Author Contributions
SJB wrote code for the database. JC contributed R code for statistical analysis. CJL provided guidance on the design of the database and the manuscript. CJR conceived and designed the resource and wrote the manuscript. All authors read and approved the final manuscript.
High confidence STRING functional interactions between CGDs associated with ERBB2 amplification in Campbell et al are shown.

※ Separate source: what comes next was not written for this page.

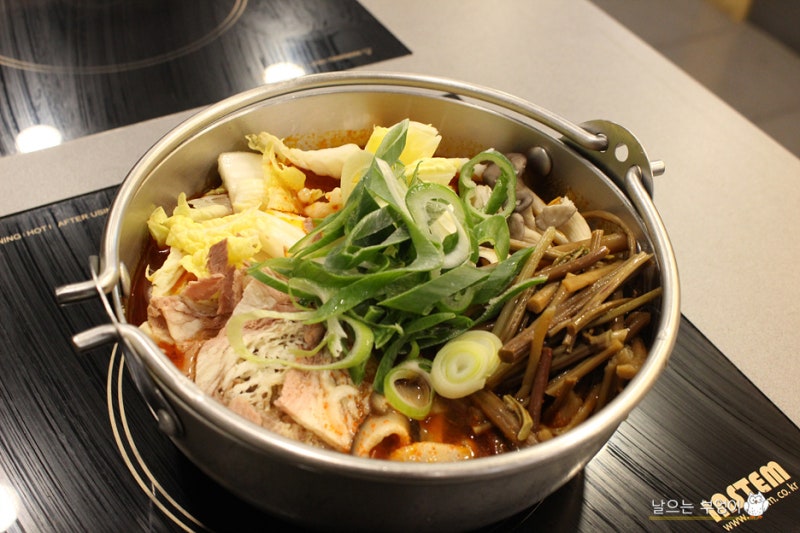 테이블 오른쪽에 온도조절장치가 있는데 전원버튼을 눌러 가장 높은 단계(High)에서 3~4분 정도 끓인다. 부글부글.
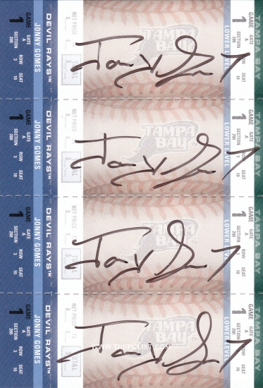 Gomes changed his signature around the time of the 2003 Arizona fall league, so there are a limited number of his 2002 cards with 2002-style signatures on them. Depending on how you count, this leaves me looking for four 2002 Gomes base cards with 2002-style signatures:

Supplementary Table 1. Driver genes currently included in CancerGD
Acknowledgements
We thank Lars Juhl Jensen for help with STRING integration. We also thank members of the ICR Gene Function Team and Systems Biology Ireland for providing feedback on earlier versions of this resource. Work on this project was supported by a grant to CJR from the Irish Health Research Board (KEDS-2015-1636). CJR is a Sir Henry Wellcome Fellow jointly funded by Science Foundation Ireland, the Health Research Board, and the Wellcome Trust (grant number 103049/Z/13/Z) under the SFI-HRB-Wellcome Trust Biomedical Research Partnership. CJL is supported by Cancer Research UK (grant number C347/A8363) and Breast Cancer Now. We acknowledge NHS funding to the ICR/Royal Marsden Hospital Biomedical Research Centre.